Determination of the mode of action of Xyl10B and ligand interaction analysis
The hydrolysis patterns were qualitatively analyzed by thin layer chromatography (TLC) in silica gel plates (GE Healthcare Life Science, Rahway, USA) and using ethanol/ acetic acid/ water (2:1:1) as solvents. The patterns were revealed by water/ethanol/sulfuric acid (20:70:3) with 1% (v/v) orcinol solution, over flame. Xylose (X1) (Sigma-Aldrich, St. Louis, USA), xylobiose (X2), xylotriose (X3), xylotetraose (X4) and xylopentaose (X5) (Megazyme, Bry, Ireland) were used as standards. The β-xylanase activity was performed over time in 100 µL reaction mixtures containing beechwood xylan (1%) and 0.65 mg/mL of enzyme. The reaction was stopped after 20 min, 40 min, 1 h, 2 h, 3 h and 16 h. The mode of action of Xyl10B was assessed by using different xylooligosaccharides (XOS) xylobiose (X2), xylotriose (X3), xylotetraose (X4) and (xylopentaose) X5 (10 mM), and beechwood xylan (1%) and then subjecting the hydrolysates to thin layer chromatography analysis (TLC). Both assays were performed at 50 ºC and pH 9.
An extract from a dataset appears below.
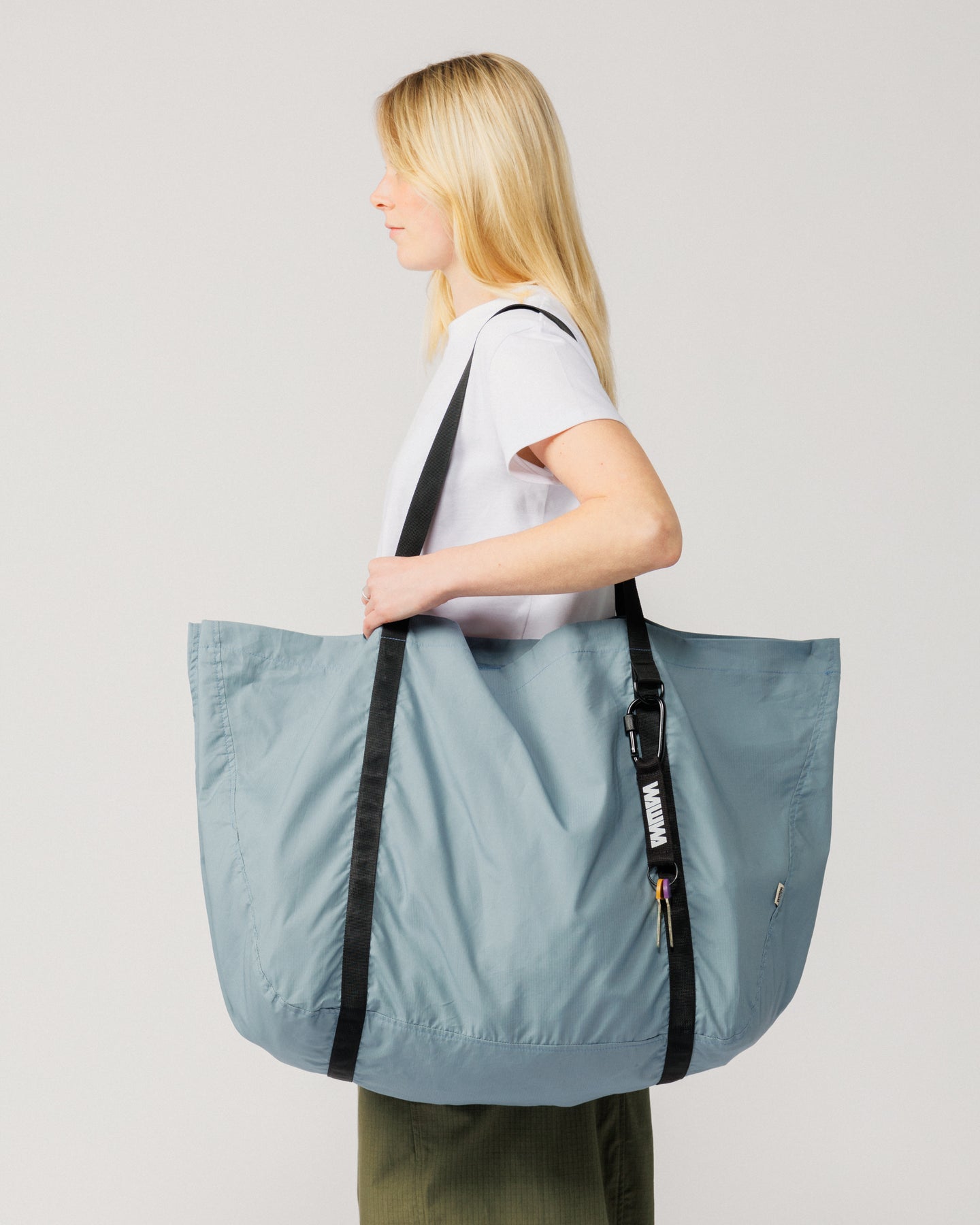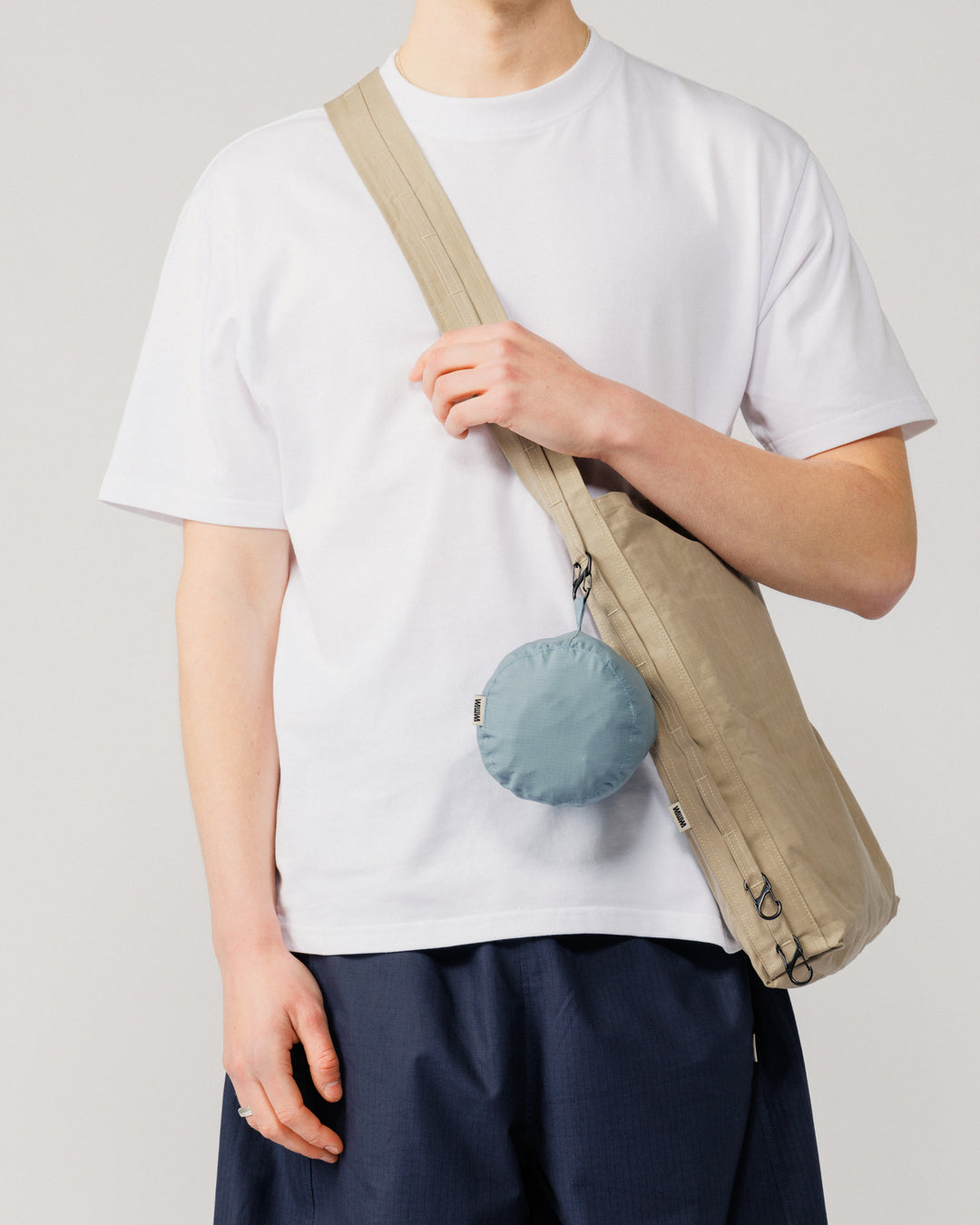 Made from a dry wax micro grid ripstop cotton with a subtle technical feel. At 115gsm it barely registers in your hand, but it's durable enough for repeat use and built to handle whatever you throw in it. Webbing straps keep it simple and strong.

The in silico ligand interaction analysis was implemented starting from a structure alignment of Xyl10B with a specific PDB model for the GH10 CbXyn10C complexed with xyloheptaose (PDB 5OFK) and using Chimera software (Pettersen et al. 2004). This task positioned the exogenous ligand at the Xyl10B enzymatic groove and (after the removal of the CbXyn10C) the remaining Xyl10B-xyloheptaose complex was energetically optimized in their interacting atoms. The resulting complex was uploaded at the PDBsum server (Laskowski et al. 2018), which runs a program for automatically plotting protein-ligand interactions (LIGPLOT) (Wallace et al. 1995).
Nucleotide and amino acid sequence accession numbers
The nucleotide and amino acid sequences of Xyl10B were deposited in the GenBank database with the accession numbers OK617332 and UKT5974, respectively.